„Mein Gott, nun nimm die Kleine doch nicht immer gleich hoch. Sie hält das schon aus, mal kurz zu weinen!“
„Euer Kind wird wohl auch erst bei der Einschulung im eigenen Zimmer schlafen, was?“
Uff, „danke“ für diese Kommentare. Sie nerven nicht nur extrem, sie stellen auch meine Kompetenz als Mama in Frage – und da ich das leider oft genug auch selbst tun, hinterlassen sie manchmal eine nagende Unsicherheit:
Verwöhne ich mein Baby doch zu sehr?
Weint es nicht tatsächlich oft, wenn gar nix los ist, damit ich springe? Und werden mein Mann und ich jemals wieder unser Bett für uns haben, wenn wir unseren Schatz nicht bald an sein eigenes gewöhnen? Hilfe!
Verwöhnen – dieses Wort hat in Sachen Erziehung einen negativen Beigeschmack. Bei Babys ist damit meistens gemeint, dass wir zu schnell auf die Bedürfnisse unserer Mäuse eingehen. Wir reagieren sofort auf ein Weinen, wir tragen sie den Großteil des Tages oder sie schlafen bei uns im Bett oder zumindest in unserem Schlafzimmer. Das kann nicht gutgehen, meinen viele, irgendwann wird uns dieses Kind terrorisieren. Haben diese „harten Hunde“ etwa recht?
Züchten wir uns echte Gören heran, die uns auf der Nase herumtanzen, wenn wir nicht von Anfang an klare Grenzen setzen?
Die beruhigende Antwort lautet: Nein, ganz sicher nicht! Und das ist sogar bewiesen.
Ein liebevoller Umgang hat nichts mit Verwöhnen zu tun. Babys kommen völlig schutzlos und ohne Erfahrungen auf die Welt. Alles ist fremd, alles kann bedrohlich wirken – Mama und Papa sind erstmal die einzig verlässliche Rettung. Sie geben Wärme und Nähe, stillen das unangenehme leere Gefühl im Magen und sorgen dafür, dass das Baby nicht schwitzt oder friert. Mama und Papa sind alles.

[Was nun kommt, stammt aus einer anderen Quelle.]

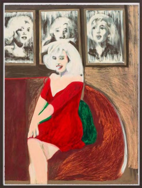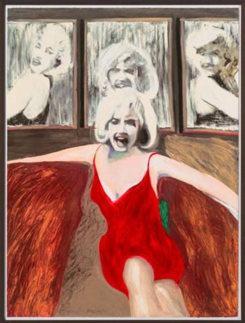 Marilyn’s red dress is similar to one she wore for the ‘Jump’ shoot with Philippe Halsman in 1959. Red is a colour which dominates all three paintings. Marilyn is sitting on the edge of a brown chair or couch, her arms circling the back of the chair and another to her left. The wood-brown seat is placed against a lighter brown wall, and the earth tones contrast with Marilyn’s pale skin and her vibrant red dress.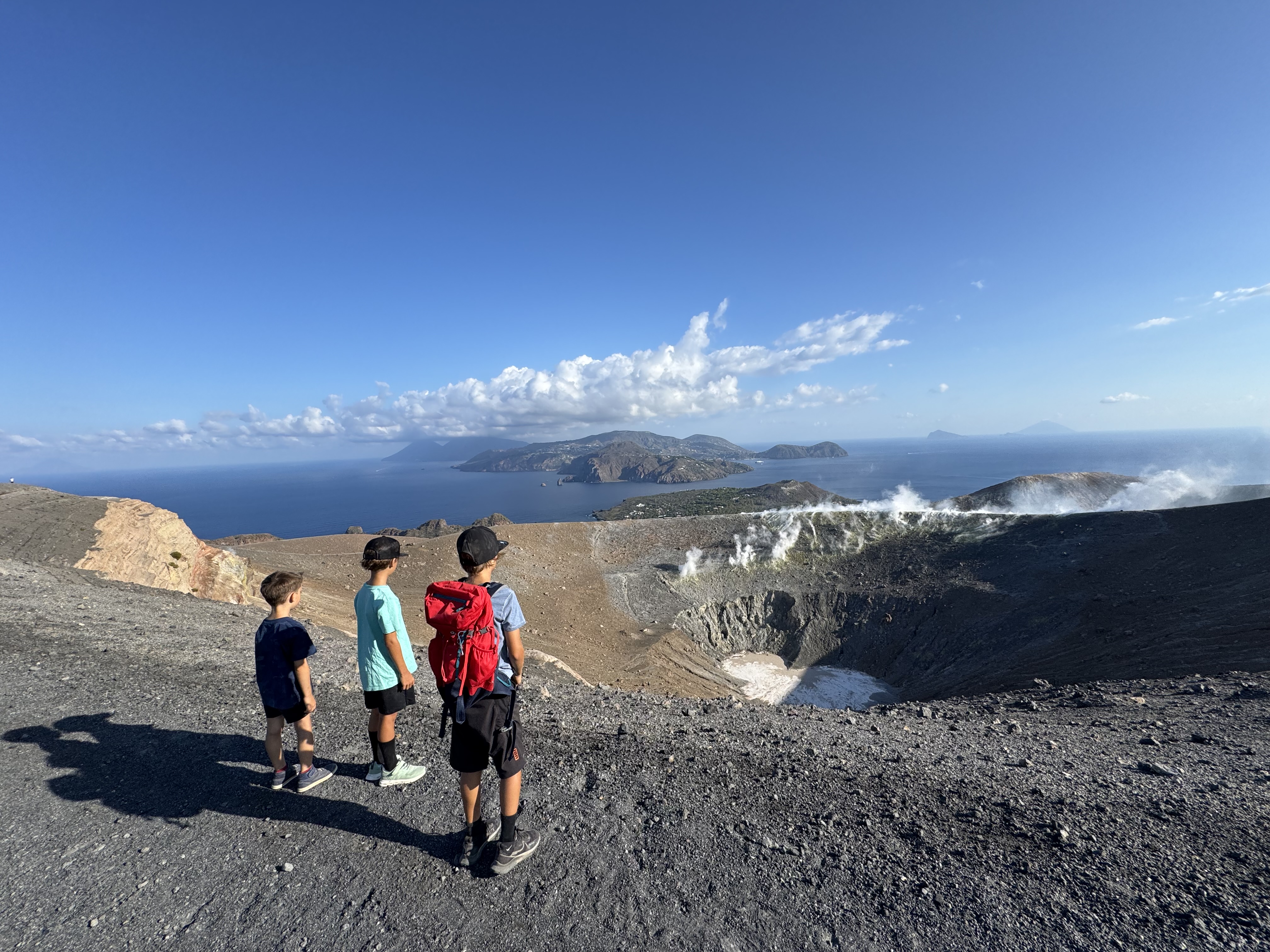 Reaching the top was an unforgettable experience — standing at the edge of the crater, watching wisps of smoke rise from vents that lead directly to the inner of our planet. What an awe-inspiring reminder of the earth’s power! The boys, of course, were most excited by something else entirely: gleefully tossing rocks into the crater and watching them disappear into the depths.

Ist dieses Urvertrauen nicht etwas Wunderschönes? Wir sollten alles daran setzen, es nicht zu erschüttern, denn es ist wichtig für ein gelingendes Leben.
Dafür brauchen Babys zuverlässige Reaktionen auf ihre Grundbedürfnisse. Sie werden nicht verwöhnt, sondern liebevoll und sanft getröstet.
Und genau deshalb dürfen und müssen wir so handeln, wie wir es für richtig halten. Denn wir Mamas können uns selbstbewusst herausnehmen, dass wir unser Kind am besten kennen und wissen, was es gerade braucht.
Und kein Baby der Welt ist so raffiniert, dass es grundlos weint, nur damit Mama es hochnimmt. Um uns gezielt manipulieren zu können, müsste es schon über eine gehörige Portion Empathie verfügen, also wissen, was ein bestimmtes Handeln in uns auslöst. Empathie entwickelt sich aber erst ab drei Jahren, und das auch nur ganz langsam.
Fakt ist: Ein Baby kann sich nicht anders ausdrücken – es ist immer etwas los, wenn es schreit. Mal etwas mehr, mal etwas weniger Schwerwiegendes. Denn eines merkt es schon: Wenn ich mich melde, wird mir aus meiner Not geholfen. Und wir Mamas können glücklich und stolz sein, dass es diese Erfahrung gemacht hat.
Ganz sicher: Aus umsorgten Babys werden keine Tyrannen, sondern zufriedene und glückliche Kinder. Die dann erzogen werden können und müssen, wenn sie dafür bereit sind.
Übrigens: Oftmals sind es Menschen aus der Generation unserer Eltern und Großeltern, die uns des Verwöhnens „bezichtigen“. Das liegt daran, dass ihnen von den damaligen Experten noch ganz andere Erziehungsmethoden nahegelegt wurden, um die Kinder von Anfang auf das echte Leben vorzubereiten. Auch sie wollten nur das Beste für ihre Babys und haben so gehandelt, wie sie es für richtig hielten. Es fällt ihnen oftmals schwer umzudenken – und so sind ihre Kommentare meist gar nicht so hartherzig gemeint, wie es uns vorkommt. Da hilft nur: „Hier rein, da raus“ und stur den eigenen Weg gehen.
Denn zum Glück wissen wir heute so viel mehr über die zarten Seelen unserer Kleinen.